Let, $H = \{\text{complex numbers whose imaginary part is positive}\}$. First, you take the fundamental domain $\Omega$ (a subset of $H$) from figure 12.1.
Any modular form is determined by its values on $\Omega$. Now $\Omega$ is much smaller than the whole upper half-plane $H$. It’s a bit lopsided though.
We have included the left-hand portion of its boundary but not its right-hand portion.
It is much more equitable to work with $\Omega$, where we include both boundaries. (This is called the closure of $\Omega$.) But $\Omega$ is a little too big to be a fundamental domain. If $z$ is a point on its right-hand border, then the point $z − 1$ is on its left-hand border, and the two points are in the same orbit of $SL_2(\mathbb Z)$. Also, a point $z$ on the right half of the semicircle is in the same orbit as a certain point on the left half, namely $−1/z$.
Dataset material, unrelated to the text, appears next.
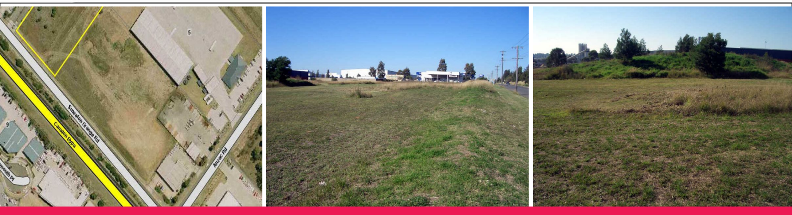
Lot 4 Smeaton Grange Road, Smeaton Grange NSW 2567

So the fair thing to do is to work with all of $\Omega$ but to “identify’’ or “sew together’’ (à la topology) the right and left vertical borders and the right and left semicircles by attaching each $z$ in the boundary of $\Omega$ to the other point in its orbit in the boundary. When we do this sewing, we get something that looks like a stocking with a very pointy toe at $ρ$. (The point ρ is the sixth root of unity on the right.) There is also a less pointy place in the heel at $i$ (the square root of −1). Other than these two “singular’’ points, the rest of the stocking is nice and smooth. Because we built this shape out of a piece of the complex plane, the stocking still is a “complex space,’’ meaning we can do complex analysis on it. Let’s call this stocking $Y$.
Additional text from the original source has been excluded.